This invention relates to an ultrasound system and method for three-dimensional imaging. In particular, a method and system for controlling opacity for three-dimensional images is provided.
Ultrasound data for various modes of operation are typically used to generate one or more images. Conventional modes of operation include B-mode, color Doppler, Doppler Tissue Motion (see U.S. Pat. No. Re. 35,720) and others.
For three-dimensional imaging, scan converted data used to generate a two-dimensional image may be output to a separate processor or computer. The computer arranges a plurality of sets of data representing two dimensions into a data set representing three-dimensions. Alternatively, a two-dimensional array is used to directly acquire a 3D data set. The data is coded as color or RGB values. A three-dimensional representation is then rendered.
In order to represent the three-dimensional (3D) data set, a two dimensional (2D) image is rendered. For example, a minimum or maximum projection value is displayed. Data along ray lines normal to a viewing plane are compared. The maximum or minimum value along each ray line is displayed opaquely and the other values are translucent (i.e. not displayed).
As another example, each datum is assigned an opacity level corresponding to B-mode intensity, a fixed value, or as a function of depth.

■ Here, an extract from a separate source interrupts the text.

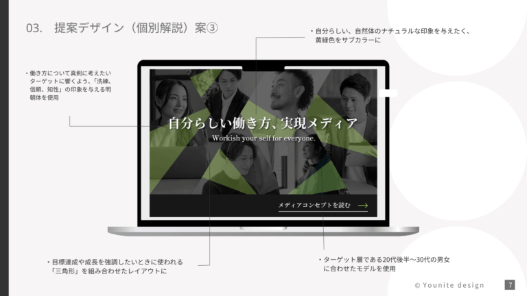 【バナー制作】柔軟な働き方を提案するメディア 使用ツール・スキルPhotoshop制作期間2日工夫点・課題解決ポイントキャッチコピーに合わせ、多様なシチュエーションで働くモデルを起用。自分らしく自然体でいられる雰囲気を表現。 ご提案書の一部をご紹介! ご覧いただきありがとうございます。Younite Designは、ただ美しく見せるだけのデザインではなく、「目的」と「意図」を持ったデザインを大切にしています。一つひとつの制作に丁寧に向き合い、クライアントさまの想いをしっかりと形にすることを心がけています。目指すゴールを共有し、確かな成果へとつながるデザインを共に創っていけたらうれしいです。 その他の制作実績を見る

The RGB values of each datum are summed as a function of opacity along viewing lines into the 3D data set. However, the relative opacity of various data does not advantageously emphasize some data and de-emphasize other data.
P. L. Carson et al. disclose a "two-dimensional projection of the 3D data [FIG. 5A] in which the depth cue is obtained by decreasing the gray scale pixel brightness as a function of depth (termed `opacity`) along a line of site [sic]. The color pixels representing flow are made completely opaque to maintain maximum flow information." See Enhanced Color Flow Imaging of Breast Cancer Vasculature: Continuous Wave Doppler and Three-Dimensional Display, J. Ultrasound Med. 11:377-385 at 382, 1992. Also regarding FIG. 5A, the hue is set based on the Doppler Frequency shifts. See page 384. Carson et al. make a brief statement at page 381 that brightness, hue, saturation, ray attenuation and opacity, and other characteristics were assigned as a function of gray scale pulse echo amplitude and Doppler color (frequency shift signal). This statement is followed by the example for FIG. 5A discussed above.